Ethics grand rounds explores privacy policies
Which will it be, a stumbling block or a stepping stone to privacy?
That was the question at the Fall Ethics Grand Rounds on Monday as ethicists, physicians and managers discussed new patient privacy guidelines imposed by the federal Health Insurance Portability and Accountability Act (HIPAA), which are coming down the health care pike toward Vanderbilt and other medical centers, ETA April 2003.
The privacy rules are just one subject heading listed under Title II of the HIPAA “Administrative Simplification” regulations.
“These regulations stand to significantly change the way in which information is processed in the institution,” said Stuart Finder, Ph.D., assistant professor of Medical Ethics and Philosophy and director of Center for Clinical and Research Ethics.
According to Jim Hollender, Vanderbilt’s HIPAA manager, surveys suggest they’re needed: one showed that an average of 150 people see a patient’s medical records during a hospital stay, another found that 43 percent of patients think their records should not be used for research. Privacy issues extend outside hospitals: 35 percent of Fortune 500 companies review medical records during the hiring process.
“There are two issues in the privacy debate,” said Dr. Ellen Wright Clayton, professor of Pediatrics and Law and a grand round panel member. “People want information kept private, and people are deeply worried that information will be used in ways that will harm them.”
But enough bureaucratic hurdles already exist between physicians and their patients, said Dr. Keith Wrenn, professor and vice chairman of Emergency Medicine and another panel member. “Do people really understand that this will create a whole new infrastructure (to oversee the privacy regulations) and that it’s going to cost a lot of money?” Wrenn said.
Access to records might also hinder retrospective research, Wrenn said. “That worries me.”
Other physicians in attendance also expressed concern that more regulation equals more distance between care providers and patients, and between consulting physicians, that could stymie care.

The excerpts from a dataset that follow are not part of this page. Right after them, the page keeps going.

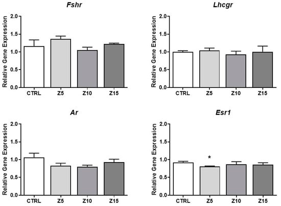 Hormone synthesis is tightly regulated at different levels, including the levels of hormone receptors [24]. Thus, we evaluated the effects of ZnO NPs on the expression of key steroid hormone receptors in antral follicles. None of the tested concentrations of ZnO NPs affected the expression of the Fshr, Lhcgr, and Ar. However, the lowest concentration (5 µg/mL) of ZnO NPs decreased Esr1 expression compared to the control group (Figure 5).
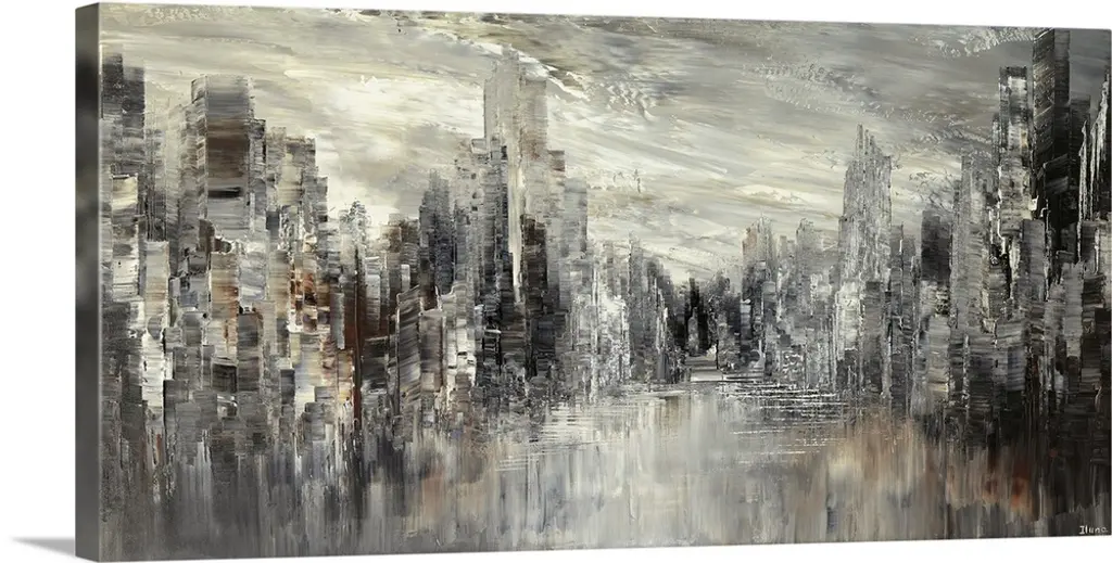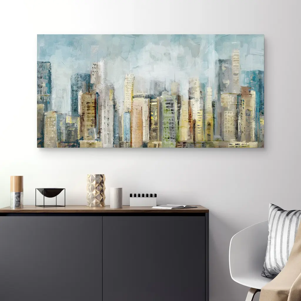 Nothing helps establish a room's feel like decorative accents, and this Shadows from the Skyscraper canvas wall art accomplishes just that.
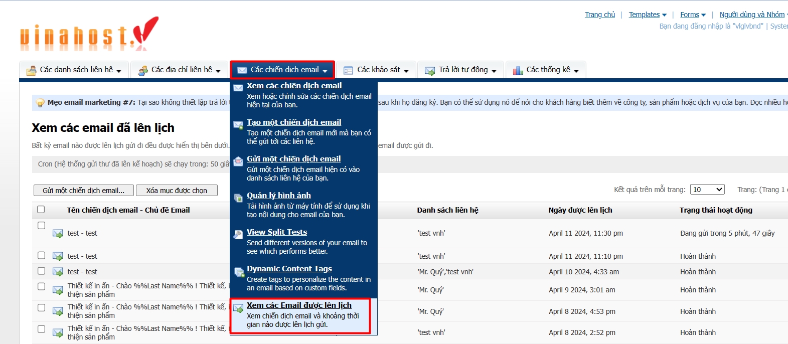 Bài viết này sẽ hướng dẫn bạn Hướng dẫn lên lịch trình để gửi email marketing trên hệ thống của Vinahost. Nếu bạn cần hỗ trợ, xin vui lòng liên hệ VinaHost qua Hotline 1900 6046 ext. 3, email về support@vinahost.vn hoặc chat với VinaHost qua livechat https://livechat.vinahost.vn.
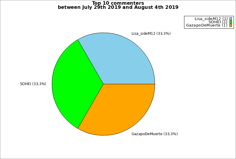| Top 10 commenters between July 29th 2019 and August 4th 2019 | ||
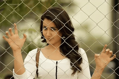 Raashidhf, a woman identified as Tamannaah Bhatia, poses playfully behind a chain link fence.
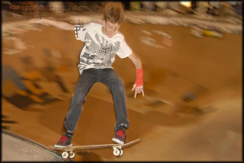 Skateboarding is dangerous. You can see by all the casts in the upcoming photos. Jordan Price is throwing out the horns on his cast. He should throw out that Fox shirt, too. Oh wait, he can't, he's sponsored by them. It's okay, he's from backwoods Florida and probably has six MotoX bikes and a four wheeler to go with it. Jordan is one of my favorite little kids these days so I can give him all kinds of crap like that
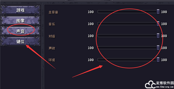 5、游戏中的声音也可以设置,主音量、对话以及声效等。
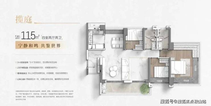 115㎡户型是最大的产品,四房两厅设计,其中一个空间是X,觉得客厅小了可以打掉,觉得房间不够用就保留。 阳台更亮眼,有6.2米面宽,视野更开阔;主套也是270°环形飘窗,整体格局都可以。
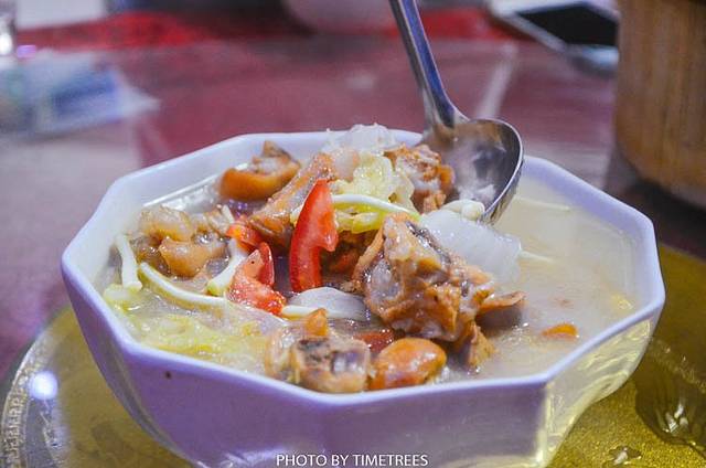 晚上我们就在客栈里点了几个菜,不贵,但是味道挺不错。猪蹄是原本用柴火熏过的,所以和白菜做汤还是别有一番风味的。
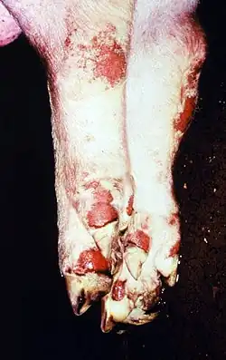 - ↑ a b c Kitching P., Alexandersen S. Clinical variation in foot-and-mouth disease: pigs. Rev Sci Tech Off Int Epizoot. 2002, roč. 21, čís. 3, s. 513–518. PMID 12523692.
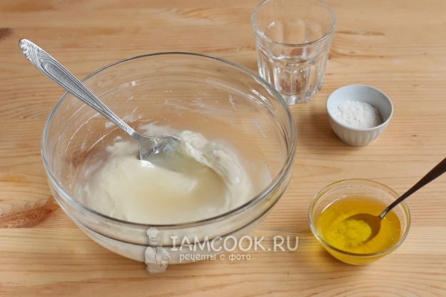 Добавляем в опару сахар, остальную воду, смешиваем. Маргарин заранее растопим, остудим и смешаем с солью.
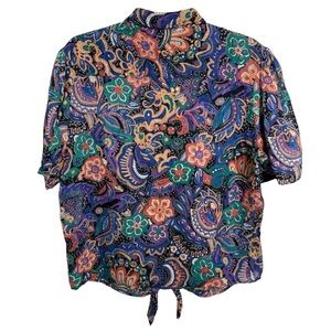 Vintage Paisley Tie Front Shirt Size Medium Cotton Boho Short Sleeve Top
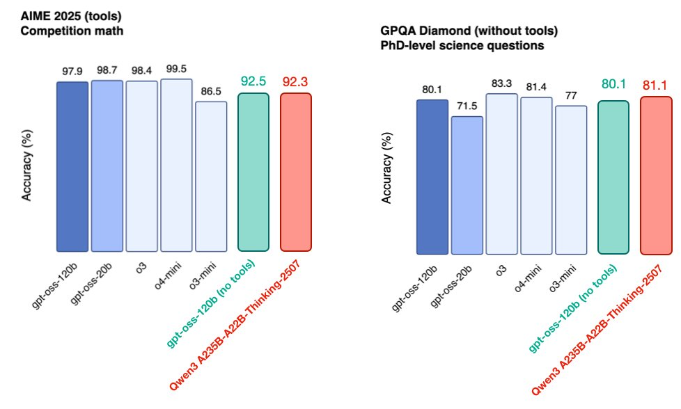 然而,需要注意的是,gpt-oss-120b 的大小几乎只有 Qwen3 A235B-A22B-Thinking-2507 模型的一半,而且可以在单台 GPU 上运行。

Mark Bliton, Ph.D., assistant professor of Medical Ethics and Philosophy and chief of the Clinical Ethics Consultation Service, said, “it’s the tendency of an institutional culture to draw back and ask, ‘Why? Why should we have to make an account (for obtaining information) if we’re trying to do good for someone?’” But, he said, the regulations promise to provide “transparency,” methods of recording who taps into patient information and why, rather than limiting access on the front end.
Enforcement of the HIPAA rules is still unclear, Hollender said. The Joint Commission for Health Care Accreditation has already begun to fold some of the rules into their inspection list, he said. Vanderbilt has taken a positive step forward by dedicating staff, such as himself, to implementing and overseeing the rules, rather than piecing them together part-time, he said.
The bottom line, Clayton said, is that the regulations exist. “You can come down on the side of privacy or regulating use, but new technology can make it breathtakingly easy to get information about someone.”